Exercise instructions: For the data that follows, return each line unchanged and drop the pictures.

[Stored entries]
= = = = =

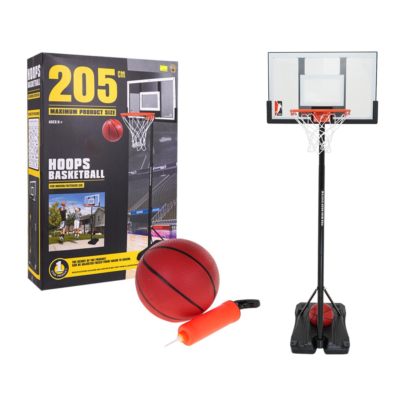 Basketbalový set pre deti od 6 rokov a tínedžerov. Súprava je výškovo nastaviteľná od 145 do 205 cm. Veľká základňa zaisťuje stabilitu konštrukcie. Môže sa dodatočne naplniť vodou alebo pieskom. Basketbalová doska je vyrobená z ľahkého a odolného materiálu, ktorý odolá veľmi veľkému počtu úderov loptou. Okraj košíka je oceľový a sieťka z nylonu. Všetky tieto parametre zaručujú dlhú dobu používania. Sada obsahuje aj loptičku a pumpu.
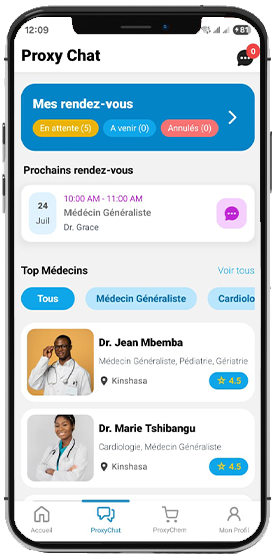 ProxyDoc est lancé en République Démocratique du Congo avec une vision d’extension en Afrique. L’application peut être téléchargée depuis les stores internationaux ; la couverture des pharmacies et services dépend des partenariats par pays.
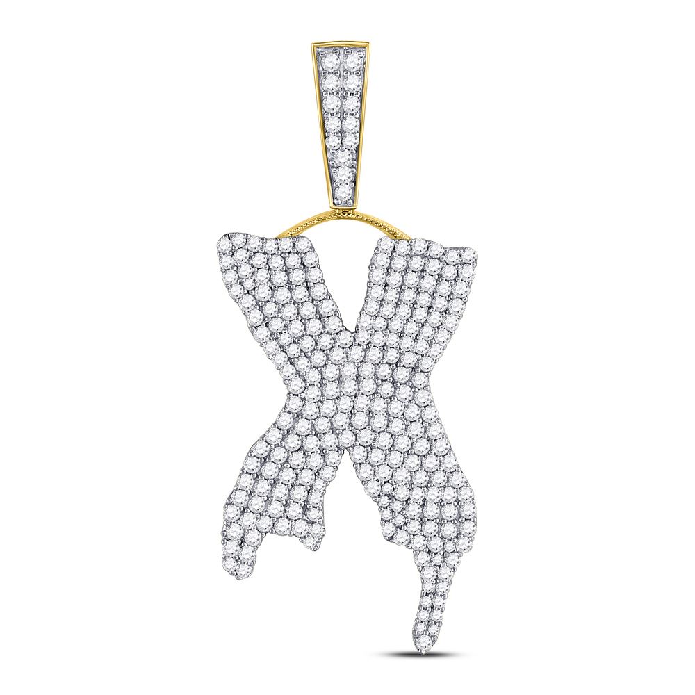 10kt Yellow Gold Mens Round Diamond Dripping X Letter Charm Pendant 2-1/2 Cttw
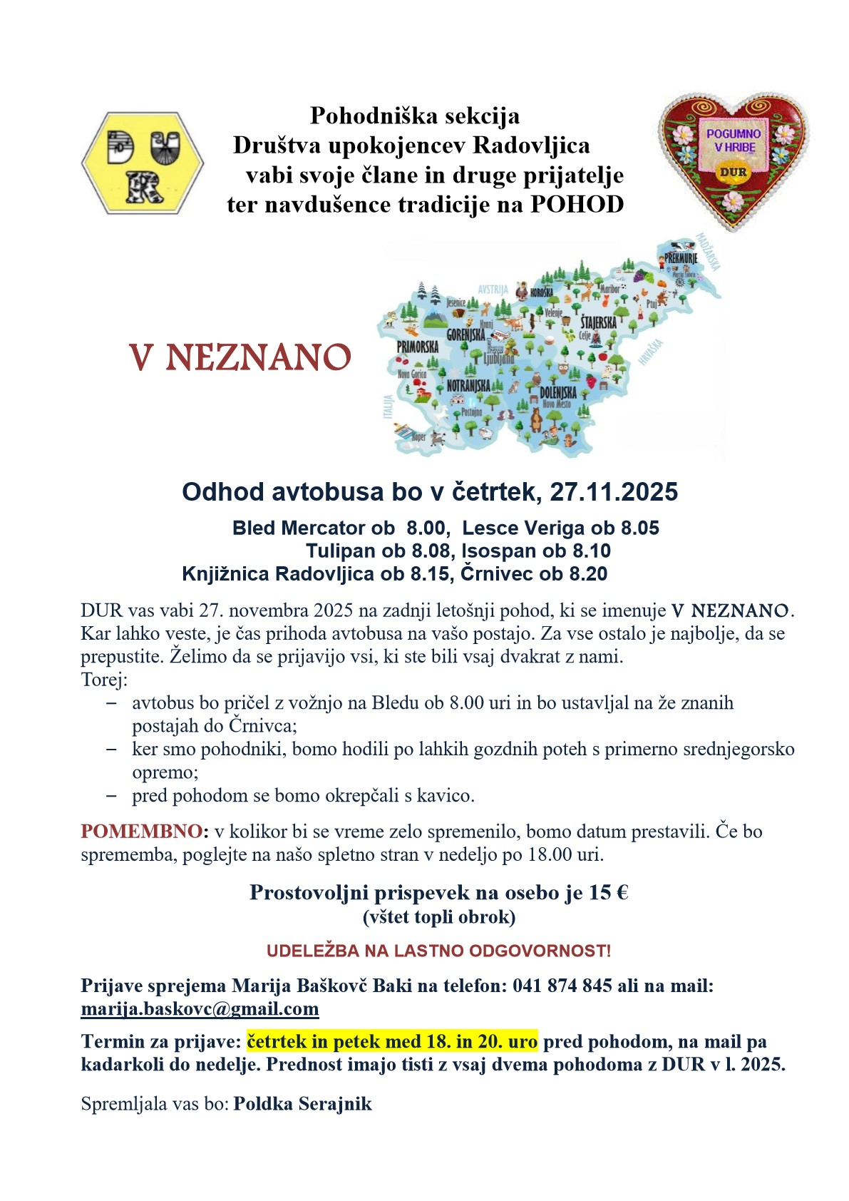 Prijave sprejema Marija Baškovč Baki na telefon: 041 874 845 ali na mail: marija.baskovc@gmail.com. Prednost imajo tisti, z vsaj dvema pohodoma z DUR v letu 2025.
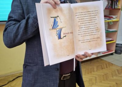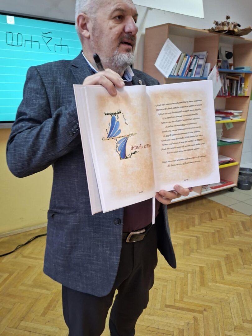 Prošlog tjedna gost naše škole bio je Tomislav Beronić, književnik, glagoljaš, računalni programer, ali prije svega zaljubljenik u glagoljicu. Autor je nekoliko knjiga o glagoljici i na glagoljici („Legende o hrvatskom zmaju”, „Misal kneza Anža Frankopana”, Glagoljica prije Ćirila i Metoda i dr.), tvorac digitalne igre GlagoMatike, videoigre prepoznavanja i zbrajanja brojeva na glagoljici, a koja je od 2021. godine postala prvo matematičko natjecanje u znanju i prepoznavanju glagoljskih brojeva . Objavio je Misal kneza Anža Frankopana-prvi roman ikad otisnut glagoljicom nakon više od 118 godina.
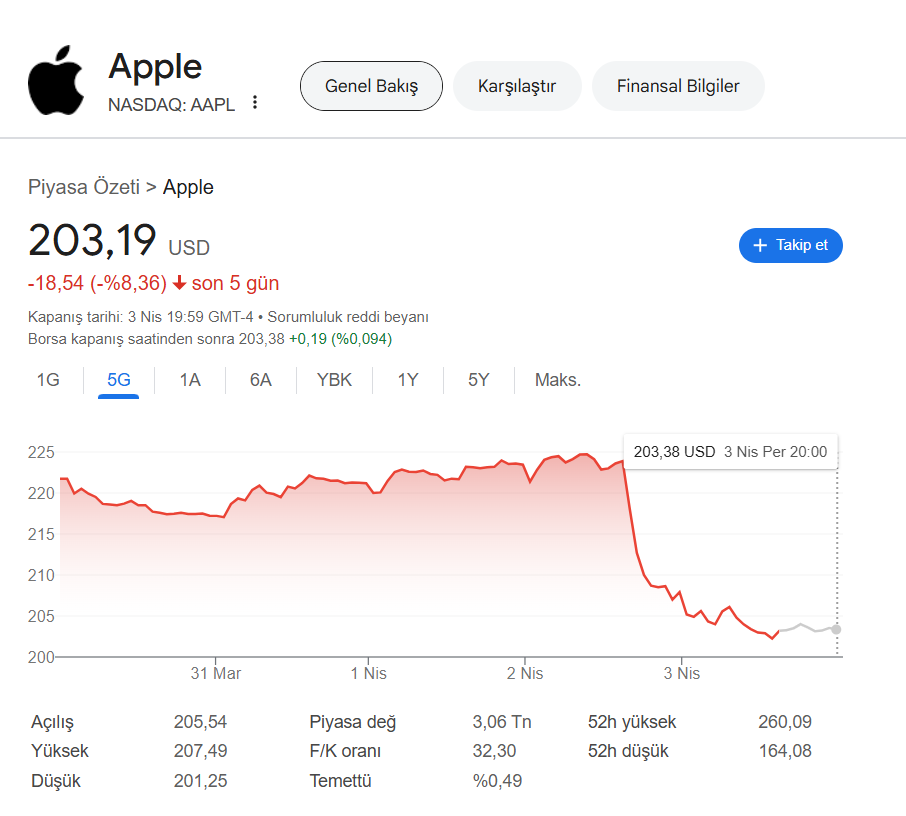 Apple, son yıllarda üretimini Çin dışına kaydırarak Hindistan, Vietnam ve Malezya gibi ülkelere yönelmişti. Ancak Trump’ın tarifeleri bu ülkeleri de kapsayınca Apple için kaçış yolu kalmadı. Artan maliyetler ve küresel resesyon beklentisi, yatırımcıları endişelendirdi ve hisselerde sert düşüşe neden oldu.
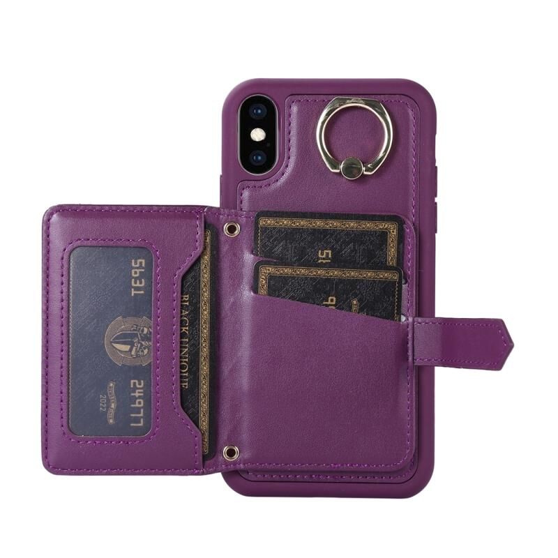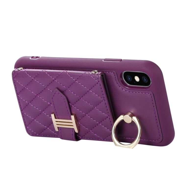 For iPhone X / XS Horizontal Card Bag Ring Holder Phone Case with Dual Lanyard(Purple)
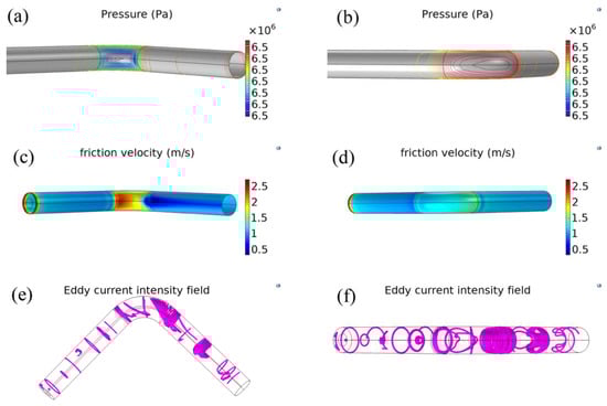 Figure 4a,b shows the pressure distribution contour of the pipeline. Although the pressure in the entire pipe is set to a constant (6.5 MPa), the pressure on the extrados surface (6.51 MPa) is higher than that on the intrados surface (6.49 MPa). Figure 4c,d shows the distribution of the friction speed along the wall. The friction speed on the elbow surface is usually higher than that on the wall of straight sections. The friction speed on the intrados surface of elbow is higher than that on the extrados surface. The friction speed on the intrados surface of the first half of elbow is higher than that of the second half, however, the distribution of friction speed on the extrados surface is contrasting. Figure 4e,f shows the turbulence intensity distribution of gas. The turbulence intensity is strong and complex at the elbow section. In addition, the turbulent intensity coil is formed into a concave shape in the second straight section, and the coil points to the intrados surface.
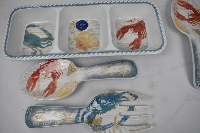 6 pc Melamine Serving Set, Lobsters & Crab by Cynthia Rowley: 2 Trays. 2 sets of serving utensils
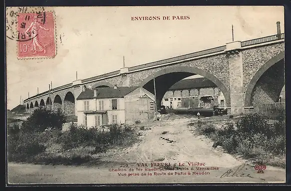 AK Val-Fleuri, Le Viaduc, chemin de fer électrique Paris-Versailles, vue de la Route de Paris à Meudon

= = = = =

Finished task:
 Basketbalový set pre deti od 6 rokov a tínedžerov. Súprava je výškovo nastaviteľná od 145 do 205 cm. Veľká základňa zaisťuje stabilitu konštrukcie. Môže sa dodatočne naplniť vodou alebo pieskom. Basketbalová doska je vyrobená z ľahkého a odolného materiálu, ktorý odolá veľmi veľkému počtu úderov loptou. Okraj košíka je oceľový a sieťka z nylonu. Všetky tieto parametre zaručujú dlhú dobu používania. Sada obsahuje aj loptičku a pumpu.
 ProxyDoc est lancé en République Démocratique du Congo avec une vision d’extension en Afrique. L’application peut être téléchargée depuis les stores internationaux ; la couverture des pharmacies et services dépend des partenariats par pays.
 10kt Yellow Gold Mens Round Diamond Dripping X Letter Charm Pendant 2-1/2 Cttw
 Prijave sprejema Marija Baškovč Baki na telefon: 041 874 845 ali na mail: marija.baskovc@gmail.com. Prednost imajo tisti, z vsaj dvema pohodoma z DUR v letu 2025.
 Prošlog tjedna gost naše škole bio je Tomislav Beronić, književnik, glagoljaš, računalni programer, ali prije svega zaljubljenik u glagoljicu. Autor je nekoliko knjiga o glagoljici i na glagoljici („Legende o hrvatskom zmaju”, „Misal kneza Anža Frankopana”, Glagoljica prije Ćirila i Metoda i dr.), tvorac digitalne igre GlagoMatike, videoigre prepoznavanja i zbrajanja brojeva na glagoljici, a koja je od 2021. godine postala prvo matematičko natjecanje u znanju i prepoznavanju glagoljskih brojeva . Objavio je Misal kneza Anža Frankopana-prvi roman ikad otisnut glagoljicom nakon više od 118 godina.
 Apple, son yıllarda üretimini Çin dışına kaydırarak Hindistan, Vietnam ve Malezya gibi ülkelere yönelmişti. Ancak Trump’ın tarifeleri bu ülkeleri de kapsayınca Apple için kaçış yolu kalmadı. Artan maliyetler ve küresel resesyon beklentisi, yatırımcıları endişelendirdi ve hisselerde sert düşüşe neden oldu.
 For iPhone X / XS Horizontal Card Bag Ring Holder Phone Case with Dual Lanyard(Purple)
 Figure 4a,b shows the pressure distribution contour of the pipeline. Although the pressure in the entire pipe is set to a constant (6.5 MPa), the pressure on the extrados surface (6.51 MPa) is higher than that on the intrados surface (6.49 MPa). Figure 4c,d shows the distribution of the friction speed along the wall. The friction speed on the elbow surface is usually higher than that on the wall of straight sections. The friction speed on the intrados surface of elbow is higher than that on the extrados surface. The friction speed on the intrados surface of the first half of elbow is higher than that of the second half, however, the distribution of friction speed on the extrados surface is contrasting. Figure 4e,f shows the turbulence intensity distribution of gas. The turbulence intensity is strong and complex at the elbow section. In addition, the turbulent intensity coil is formed into a concave shape in the second straight section, and the coil points to the intrados surface.
 6 pc Melamine Serving Set, Lobsters & Crab by Cynthia Rowley: 2 Trays. 2 sets of serving utensils
 AK Val-Fleuri, Le Viaduc, chemin de fer électrique Paris-Versailles, vue de la Route de Paris à Meudon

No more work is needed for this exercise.